Изменить стиль страницы

— Значит, на ваш взгляд…

— На мой взгляд, у каждого из нас есть свой неповторимый и неподражаемый почерк; подделать почерк невероятно трудно, поэтому подделки, даже искусные, весьма несовершенны. Примеров, опровергающих это правило, крайне мало. Но есть еще одна важная особенность: у одного и того же лица почерк может меняться, ибо расположение духа влияет на написание букв. Одним и тем же пером можно написать и любовную записку, и важный юридический документ, каковым, например, является завещание, но написаны они будут по-разному. Почерк во многом зависит от эмоционального состояния пишущего.

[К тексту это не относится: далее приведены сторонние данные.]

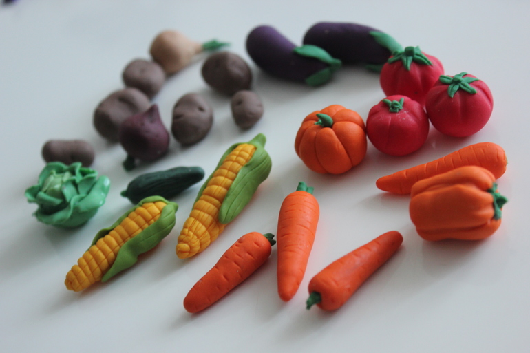 Долго думала, приобрести овощи ручной работы или заказать пластиковые. В итоге решила попробовать сделать сама из полимерной глины...
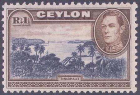 | 1944 Ceylon 1R Blue-Violet & Chocolate, upright watermark, SG 395a, MUH

— А что можно сказать про представленные вам документы?

Родоле сочувственно посмотрел на Николя.

— Прошу меня извинить, но скажу честно: я не могу понять, каким образом охваченный пламенем страсти автор пылких признаний может являться обладателем небрежного почерка, коим написан текст, где мысль бежит быстрее, чем перо, хотя автор его и накладывает на себя вполне определенные обязательства. Короче говоря, я уверен, что завещание поддельное, но тот, кто занимался подделкой, имел перед собой подлинники.

— А подпись?

— Поддельная, в этом у меня сомнений нет. На подлинниках есть несколько подписей, следовательно, они должны быть идентичны подписи на завещании. Но подвергнув их наложению, мы сразу видим, как они разнятся. Вот, господин комиссар, все, что я могу вам сказать.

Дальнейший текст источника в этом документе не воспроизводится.